As well as upholding the rule of law and ensuring accountability, the Burmese Government must tackle the hostility underlying the recent attacks. President Thein Sein’s speech earlier this week, in which he called on Burmese citizens to stand up against hatred and to reach out to those of different beliefs and backgrounds, will be an important starting point. We have provided funds for inter-faith dialogue in Burma, and will continue to do so, in order to build trust between communities. We have encouraged the Burmese Government to issue a formal invitation to the UN special rapporteur on freedom of religion or belief to visit Burma and assess the situation.
After almost half a century of repression, the last two years have seen Burma make progress towards the goal of being a freer and more democratic nation, but as the House indicates, and as my remarks have set out, there is still much to do to achieve greater democracy.
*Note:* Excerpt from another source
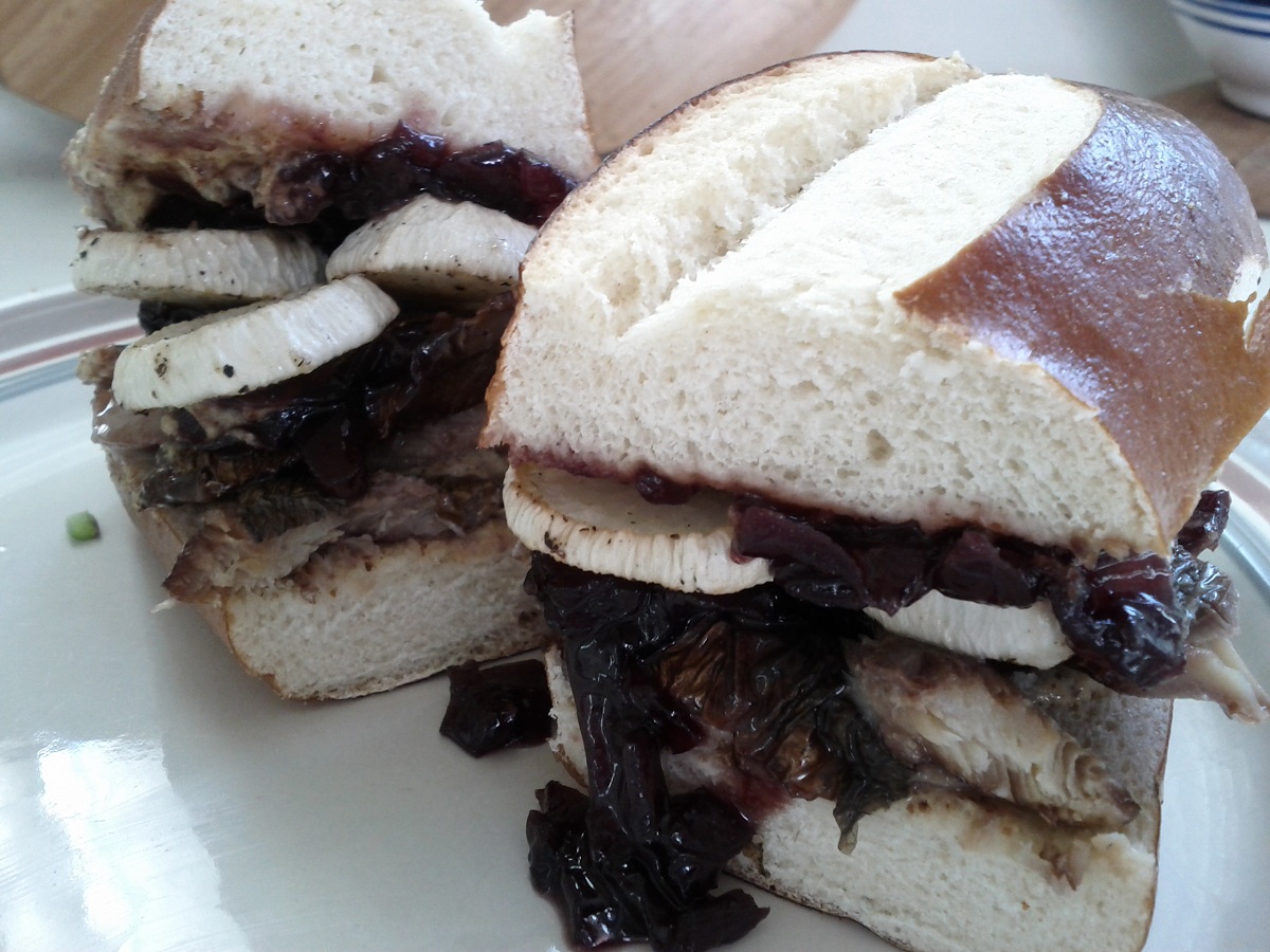 The turnip is a starch, of course, and that makes it a tricky thing to work with. There are some good sandwiches with fried potatoes in them, but in general adding such a thing throws off the starch-something else-starch balance that is the sandwich. So I figured if I was going to work with turnips, I had to include some rather large flavors to prevent a bland, starchy experience. That meant some smoked herring fillets, which have a heavy smoke, distinctly fishy flavor. So now I had the turnips, which bring a woody, earthy flavor, and smoky fish. I thought something sweet might play well in there, as smoke and sugar tend to pair exceedingly well, in barbecue and elsewhere. Caramelized onions are my go-to move for sweet on a sandwich, but I thought I might take it a step further for this occasion and I cooked up a batch of onion jam. Recipes vary, but in this case it was mostly a few pounds of onions cooked down in a couple cups of red wine and a honey gastrique. So the turnips, fish, and onion jam went down on some pretzel bread with a bit of horseradish mustard, and that was that.

To make progress, Burma must deal with the ethnic conflict it faces and tackle discrimination against minority groups. As colleagues know, this is not my normal area within the portfolio, although I have spoken on Burma before and, as a practising Christian, it pains me to see how religion is used, and faith is abused, to separate people and inflict cruelty and wickedness on others. We see that time and again in too many other places. We need religious leaders of all faiths to speak out against such actions constantly, so that faith is not abused in the way we have heard described tonight.
We will continue to engage with the Burmese Government to shape the process of reform. We want the United Kingdom to contribute with meaningful and targeted assistance, whether in reforming the economy or supporting Burma’s nascent institutions. Above all, we will ensure that human rights and ethnic reconciliation remain high on the agenda.
This is just the beginning of a process which could transform the lives of millions of people. It will not be completed overnight; it will take time. The British Government and the European Union will continue to be a constructive, supportive and critical partner, committed to support reform moves under the President and Aung San Suu Kyi, in order to see a stable, prosperous, more democratic Burma, where the human rights of all people will be respected. The House, and those we represent, will accept nothing less.